Matt Taibbi:

Substack is under attack again. The crusade is led by a site contributor, Jonathan Katz, whose style might be characterized as embittered-conventional, i.e. toting the same opinions as every mainstream editorialist, only angrier about it. There’s been more of this genre on offer here as staff positions for talking-point-spouters dry up in legacy shops, but hey, it’s a free country. If you want braying about fascism, Tucker Carlson, Elon Musk, the lab leak theory, and other #Resistance horrors you’d hear about if you just left MSNBC on in a corner — or feel deprived of headlines like “What Ron DeSantis and a Norwegian mass murderer have in common” — Substack’s got you covered. It’s not my idea of what alternative media’s for, but fortunately, nobody asked me. Why should I care what other people read?

Katz does. Though this site is a true content free-for-all, where you can find everything from serialized graphic novels to Portuguese “dark storytelling” to bagel bites recipes, a microcosm of the old Internet where the randomness of being able to hop from Bigfoot to Buddhism is a key part of the free vibe, Katz believes he’s detected a malicious pattern. He aims to put a stop to it, by deplatforming Substack contributors he doesn’t like. A group letter is being organized, demanding action, following Katz’s stern argument in the Atlantic, “Substack Has a Nazi Problem.”

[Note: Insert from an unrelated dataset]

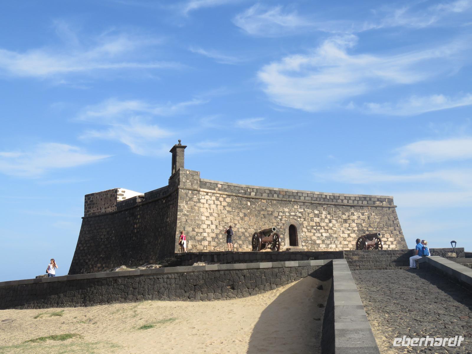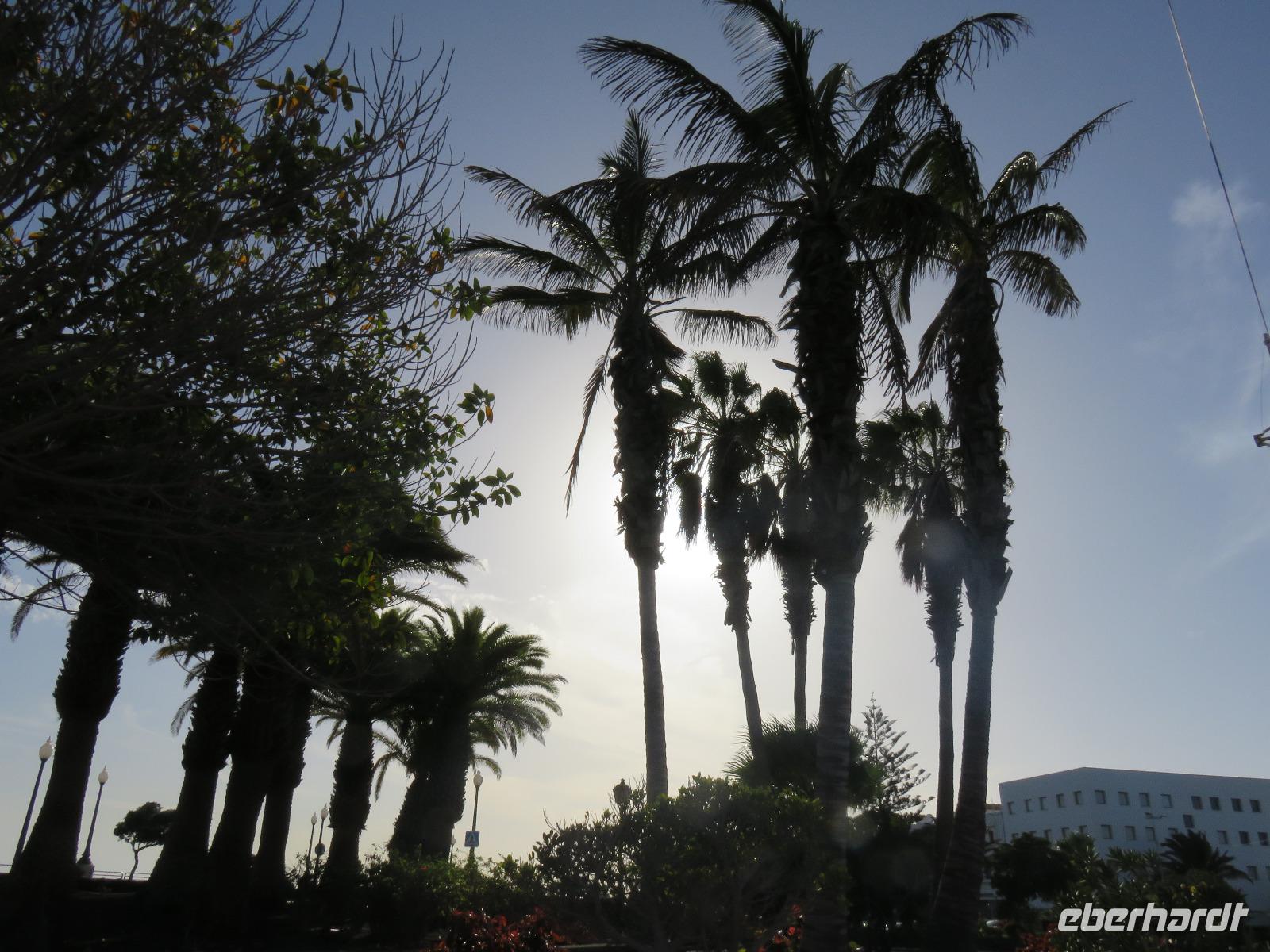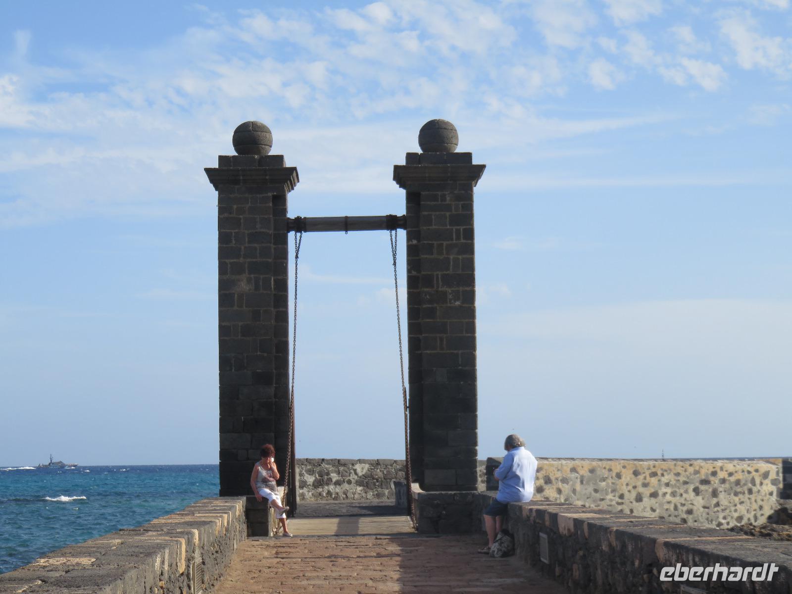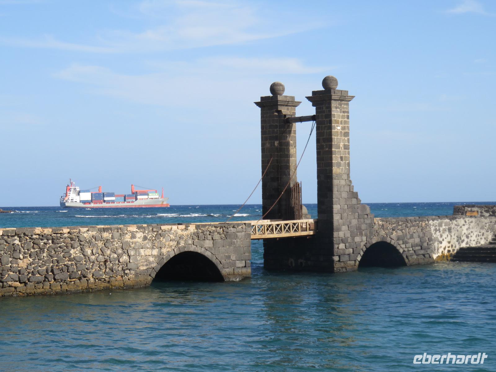 Eigentlich sollten wir die Hauptstadt der Feuerinsel erst gegen 16 Uhr erreichen. Aber unser Kapitän hatte entschieden, mit größerer Geschwindigkeit zu kreuzen. So erreichten wir bereits 10 Uhr Lanzarote. Es dauerte etwas bis das Schiff durch die Behörden zum Landgang freigegeben wurde. Deshalb entschlossen wir uns, den dritten Vortrag unseres Lektors Jörg. J. Reiche zu besuchen. Er stellte die östlichen Inseln der Kanaren vor: La Gomera, Lanzarote und Fuerteventura. Er löste auch das Wolkenspiel auf, das wir an den letzten Tagen beobachten konnten. Die Passatwolken sind in der Höhe von 600 bis 1.600 Metern zu finden. Daher die Sonne am Teide auf Teneriffa und die über die Cumbre wallenden Wolken auf La Palma. Nach dem Mittagessen nutzten die meisten Gäste unter uns den Shuttle vom Schiff in die Altstadt von Arrecife. Diese präsentierte sich klein und fein. Am Stadthafen bestaunten wir die schmucken Häuser in dem für die Küste typischen weiß-blauen Stil. In der Fußgängerzone buhlten die Geschäfte namhafter Hersteller um unsere Gunst. Zurück führte der Weg entlang der schmucken Uferpromenade. Wir nahmen nicht den direkten Weg. Das Castello de San Gabriel mit dem Historischen Museum lockte unsere Schritte hinüber zur kleinen Insel. Vorbei an der Regionalverwaltung und einem Botanischen Garten spazierten wir zurück zur Touristinformation. Eigentlich wollte ich für unsere Gruppe Material zur Insel und zur Stadt besorgen. Aber leider dauerte die Siesta noch an. Also zurück zur AIDAcara.
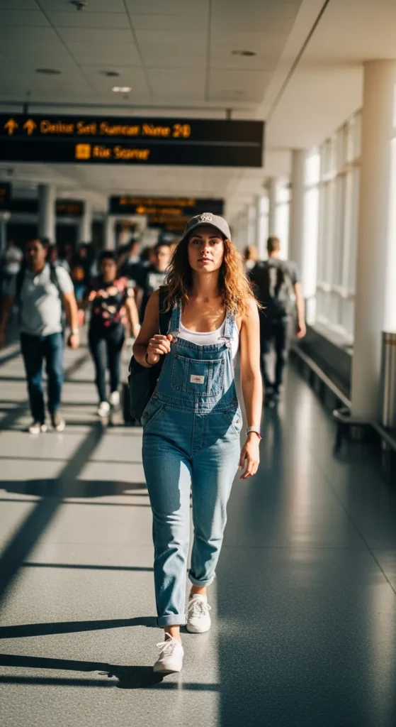Classic denim overalls over a fitted tank top offer a youthful, relaxed airport look. They are playful, practical, and easy to move in during summer travel.

As an aside: a big reason people read Substack is because of the terribleness of magazines like The Atlantic, which is edited by a guy, Jeffrey Goldberg, who won a pile of awards for blowing the WMD story in spectacular fashion for years on end, making him a walking, talking symbol of the failing-upward dynamic in corporate media. If that magazine wants people to read Substack less, it might consider not filling its pages with exposés about the Alfa Server fantasies or plaintive defenses of the Steele dossier or other transparent propaganda, instead of demanding deplatforming here.